Вред, нанесенный описанными выше кампаниями, которые пропагандировали скептические взгляды, затрагивает более обширные области и таит в себе опасность с точки зрения механизмов циркуляции научного знания. Ученые стали очень осторожны в оценке климатического и экологического риска из‐за страха перед нападками и обвинениями со стороны мейнстримных СМИ[653].
Феномен «торговцев сомнениями» свидетельствует о том, что в обществе риска привычная роль независимого эксперта в области фундаментальных наук претерпевает серьезные изменения. Наряду со специалистами в тех или иных научных дисциплинах появляются профессионалы в нагнетании сомнений и неопределенности. Оказывается, сомнения можно генерировать и закупать, а полемика тоже продается. Однако не следует забывать, что эксперты МГЭИК или ученые, выступающие за охрану окружающей среды, работают в тех же условиях, что и специалисты консервативного толка. Любого эксперта можно обвинить в конфликте интересов или политической ангажированности. Наука всегда в определенной мере связана с чьими-то интересами, результаты всех научных исследований допускают разные варианты истолкования. Вполне можно ожидать, например, что те, кто заинтересован в продолжении производства каких-либо товаров или сохранении привычного порядка, будут подчеркивать риск, сопряженный с новыми предложениями, и попытаются затормозить внедрение новых решений.
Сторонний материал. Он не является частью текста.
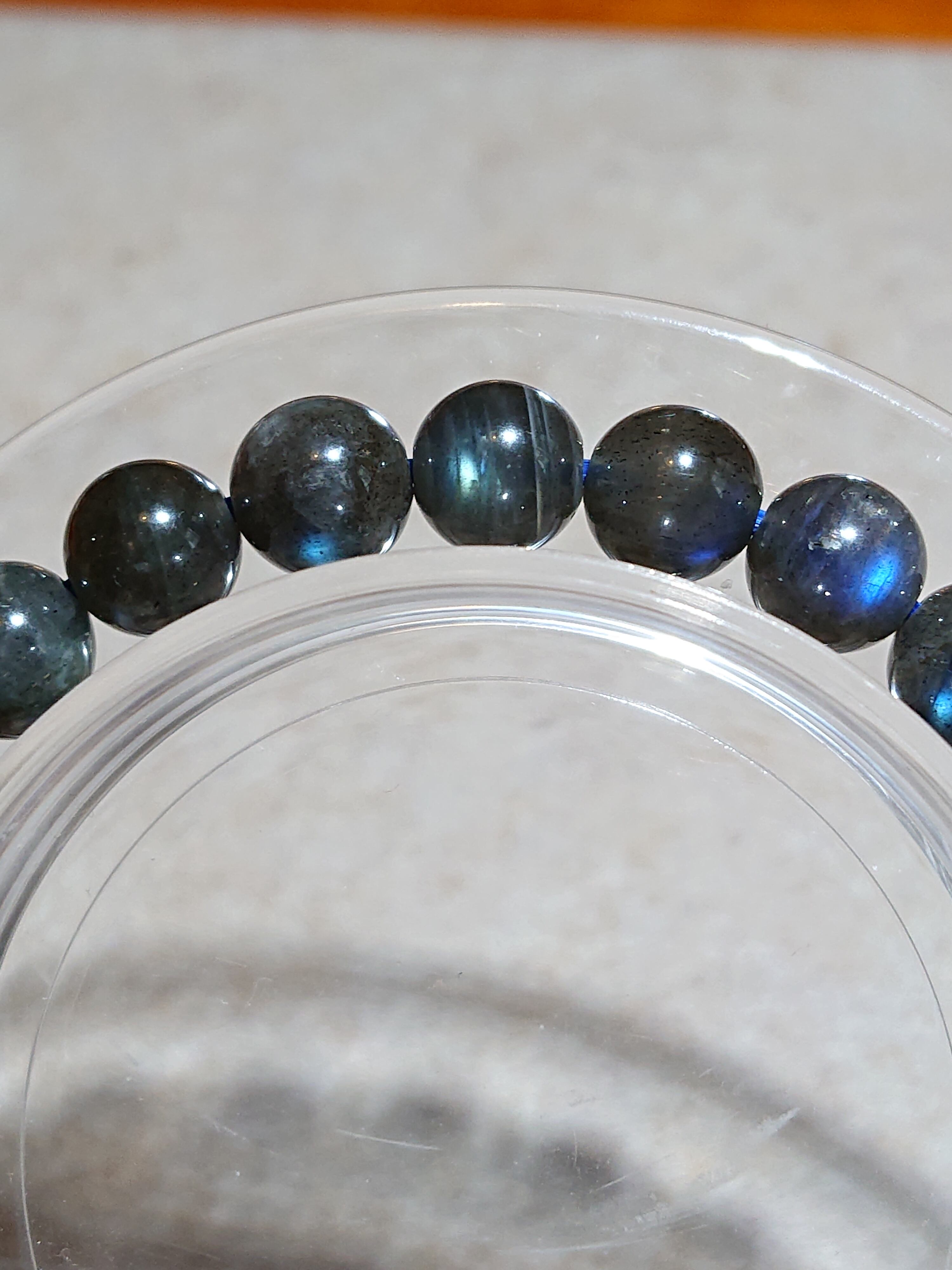 他のラブラドライトより長い時間をかけて成長したため、地色が黒く、発色が良いのが特徴です。

И все же в эпоху антропоцена нельзя ставить политические решения в зависимость от надежд на достижение учеными полной уверенности. У нас нет доступа к объективной природе, абсолютной научной истине или общечеловеческому видению высшего блага. Спор, который происходит у нас на глазах, показывает, что патерналистские модели научной точности следует (руководствуясь здравым смыслом) поставить под вопрос как нереалистичные. Как видно из истории скептического отношения к климатическим изменениям, риторика научной определенности послужила обоснованием как статуса экспертов МГЭИК, так и массового насаждения сомнений[654].
Как полагает Латур, мы пребываем в заблуждении, считая, что наука обособлена от политики. Пока мы уверены, что наука просто сообщает объективные, однозначные факты, а политические практики автоматически следуют за экспертными научными знаниями, мы бессильны (как и было до сих пор) против дезинформации и лоббизма, щедро финансируемых энергетической и автомобильной промышленностью.
Наука по природе своей склонна к полемике, сомнениям и переоценкам. Даже когда речь идет о лабораторных исследованиях, мы можем лишь взвешенно, чутко подгонять свои теории под материалы и эмпирические данные, полученные с помощью точно откалиброванных приборов[655]. Только осознание, что наука откликается на политическую обстановку и что климатология не исключение, может дать желанный целительный эффект. Один из создателей акторно-сетевой теории пишет:
Когда встречаешь тех, кто не верит в глобальное потепление и имеет наглость называть МГЭИК «лобби», куда лучше ответить им: «Ну разумеется, это лобби, только ты покажи нам, сколько вас, скептиков, и откуда у вас деньги… в каком мире вы живете, где, благодаря каким ресурсам, сколько намереваетесь еще прожить, каким видите будущее своих детей, какое образование хотели бы им дать, какие ландшафты хотите им оставить»[656].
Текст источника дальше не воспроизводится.